No, this first blog post of hers is an introspective piece that asks the question:
Why is it that some of us spend lots of money, time, and energy on the act of planning, on planning for planning, and on planners themselves?  
 And then she said "tag, you're it!" so here I am to take a stab at answering the same question.

Currently using a Panda Planner, though I'm apt to shift at a moment's notice.  I'm ever changing, like the moon.

I have a number of answers, and here they are in no particular order.

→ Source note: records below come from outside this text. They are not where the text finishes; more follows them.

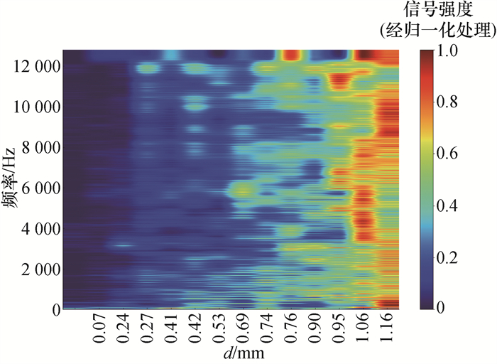 绘制YT的频谱图如图 7所示,为方便观察各频率分量的变化趋势,已沿横轴进行了归一化。横轴为不同的d值,纵轴为信号的不同频率分量,颜色代表经归一化处理后的信号强度。由图可知,随着d增大,不同频率分量下的信号强度整体呈增大趋势。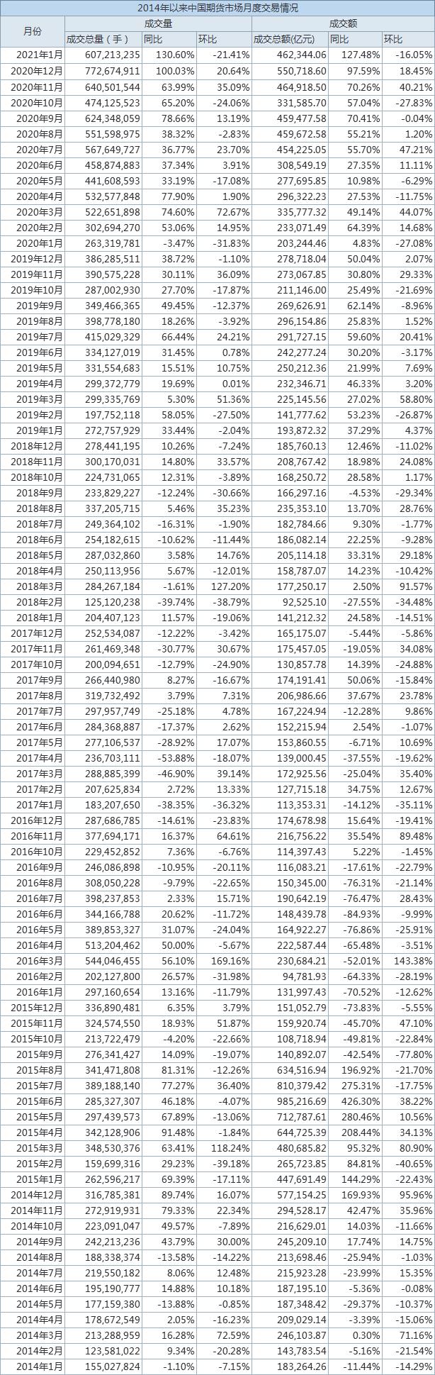 中国期货业协会最新统计资料表明,1月全国期货市场交易规模较上月下降,以单边计算,当月全国期货市场成交量为607,213,235手,成交额为462,344.06亿元,同比分别增长130.60%和127.48%,环比分别下降21.41%和16.05%。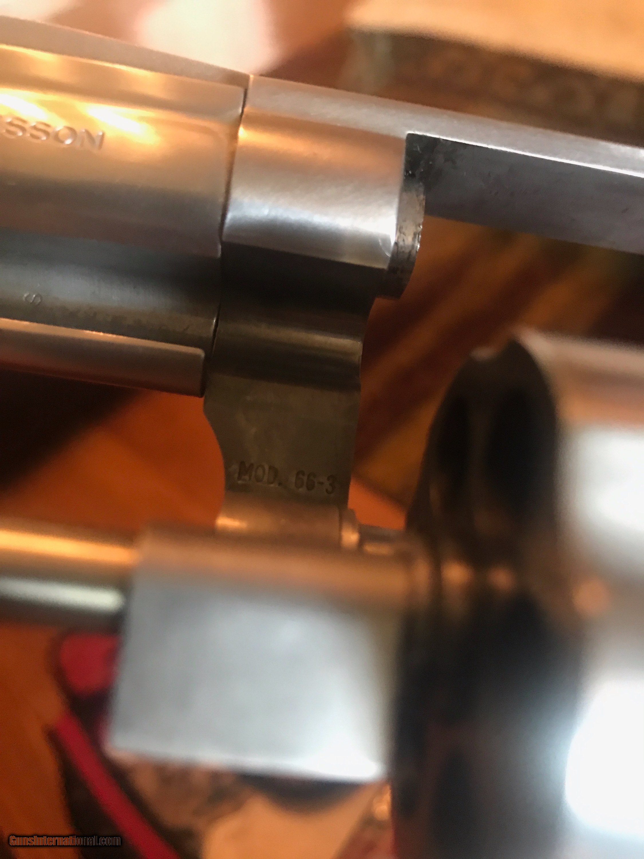 Smith and Wesson 66-3 (3 inch, stainless, smooth combat stocks)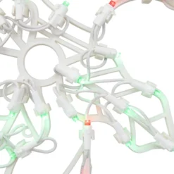 Light up your home this holiday season with this candy cane window silhouette. The one-piece construction makes it an easy way to add a festive touch to your decor. Designed for windows, but also great for walls, doors, and mantles.Product Features:Color: red and green bulbs / white wireNumber of bulbs: 50Bulb size: mini24″ white lead cordOne-sided designAdditional Product Features:Super bright bulbsUL certified and approved for indoor or outdoor useIf one bulb burns out, the rest will stay litComes with replacement bulbs, spare fuses and a suction cup for mountingContains 1 plug with end connector which allows you to stack multiple lighted items together (not to exceed 210 watts)Dimensions: 18″H x 14″W x .25″DMaterial(s): plastic/wire/glass bulbs
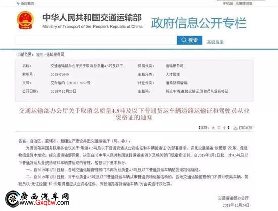 12月25日,在廣大輕卡俠的殷切期盼下,交通運輸部正式下發(fā)通知,自2019年1月1日起,取消總質(zhì)量4.5噸及以下普通貨運車輛道路運輸證和從業(yè)資格證。
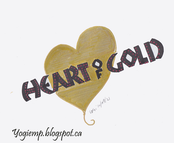 "Heart Of Gold" On Staples 110# white cardstock drew the heart using a gold gel pen. Wrote out the words with a 4.5 Parallel pen with Sumi ink in Neuland style. Added dots with an Artistro red extra fine tipped pen. |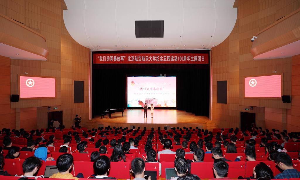 北航新闻网5月1日电(通讯员 南照博/文 邸白鹭/摄影)4月30日晚,“青春心向党·建功新时代”主题宣传教育实践活动《我们的青春故事》纪念五四运动100周年主题团日在晨兴音乐厅举行。共青团中央青年发展部部长杨松、校党委副书记赵罡以及相关部门老师出席本次活动。现场八百余名师生共同观看聆听,更提供校内直播的形式供全校学生实时收看学习。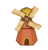 The level 2 windmill is an improved version of level 1. The wood in the building has no gaps and is red-orange in colour. The roof is made of yellow wood and the blades appear to be made of cloth. It also has a door.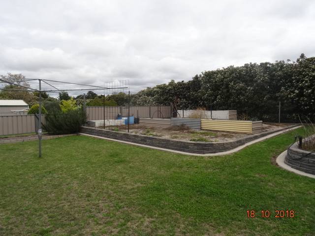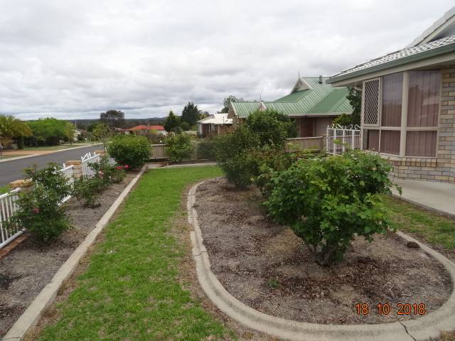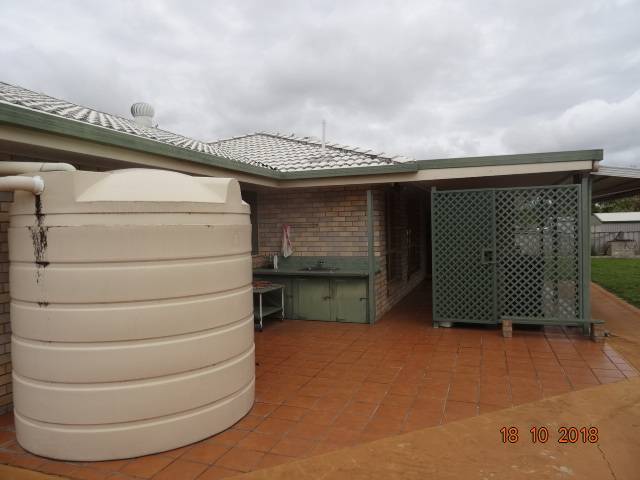 There is a delightful private N/E facing under cover patio area -  ideal for all year use.  There is a 1000 gallon tank attached to the house and a smaller tank collecting water from the two bay shed and a bore with pump.  There are also two raised garden beds in the back yard containing established fruit trees - cherry, nectarine and fig - and plenty of space to set up your own very productive vege garden. The property has beautiful established rose gardens set on easy care 1026m2.  There is a single garage with remote controlled door attached to the house, two bay lockup shed and another smaller lawn locker behind the shed to store all your gardening tools.  The property is fully screened with security screens on all windows and doors.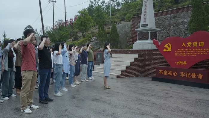 全体师生党员首先参观党史文化公园,了解洪四村“红色荣耀”故事,缅怀革命先烈英勇付出,体悟革命烈士的红色精神。期间,威廉官网中国官方网站党总支书记兼副院长杨勤带领全体师生党员在人民英雄纪念碑前重温入党誓词,坚定有力的宣誓声,表达全体党员同志时刻不忘初心,牢记使命的信念与决心。随后,全体师生党员参观洪四影剧院和党史展览馆,通过视频和现场讲解的方式直观地学习党的光荣文化历史,感受了红色革命文化的精神内涵。最后,全体师生党员了解了洪四村以“1+1+S”末梢治理党建同心圆为指导,以党建圆桌会和乡贤参事会为抓手的工作模式和所取得的工作成效,交流学习党建工作经验。

  • I love office supplies.  I love papers, and journals, and pens, and stickers, and washi tape, and post-its.  They fill me with glee.  The way to my heart is through stationary, pure and simple.  Well, stationary or yarn, but that's a different blog post.
  • I am incredibly privileged in that I have disposable income that I can spend on planning supplies.  But I'd use a 70 cent spiral bound notebook and a number 2 pencil if I had to.
  • When I was a kid I had a full-on sticker collection.  When I discovered that adults could have stickers too (stickers that are nominally functional even) I about plotzed.
  • I am a really visual person.  Seeing something makes it real for me.  I get some mileage out of virtual tools like Trello's kanban board (especially since I am working with a virtual team), but I vastly prefer old-school paper planning.
  • As visual as I am, I am even more kinesthetic.  The physical act of writing something down does something in my brain.  I enjoy the sensation of pencil or pen on paper (and let me tell you how much I do not enjoy it when the pen or the paper isn't right.  Makes me picky like whoa.)   Not only that, but writing things down triggers them into my memory.    When I was in school, I could recall a piece of information by remembering where in my notes I wrote it.  Bottom quarter of the left-hand page...got it!
  • I thrive on to-do lists.  Sometimes they are more like "to-done" lists, because I am not ashamed to write something down and cross it off after I've already done it, but in principle, I work better off of lists.
  • It alleviates my stress, and helps me to think more clearly to see the plan written down.  To know what the steps are, and to have it off-loaded out of my brain and onto paper makes a huge difference in how productive I am.  Brains are processors, not hard-drives...so writing things down frees up my RAM.
So basically, the TL;DR answer is:  I like it and it helps.  Digital planners are much less useful for me (though as noted above, digital project management tools have their time and place).  

Did I mention I really dig stickers?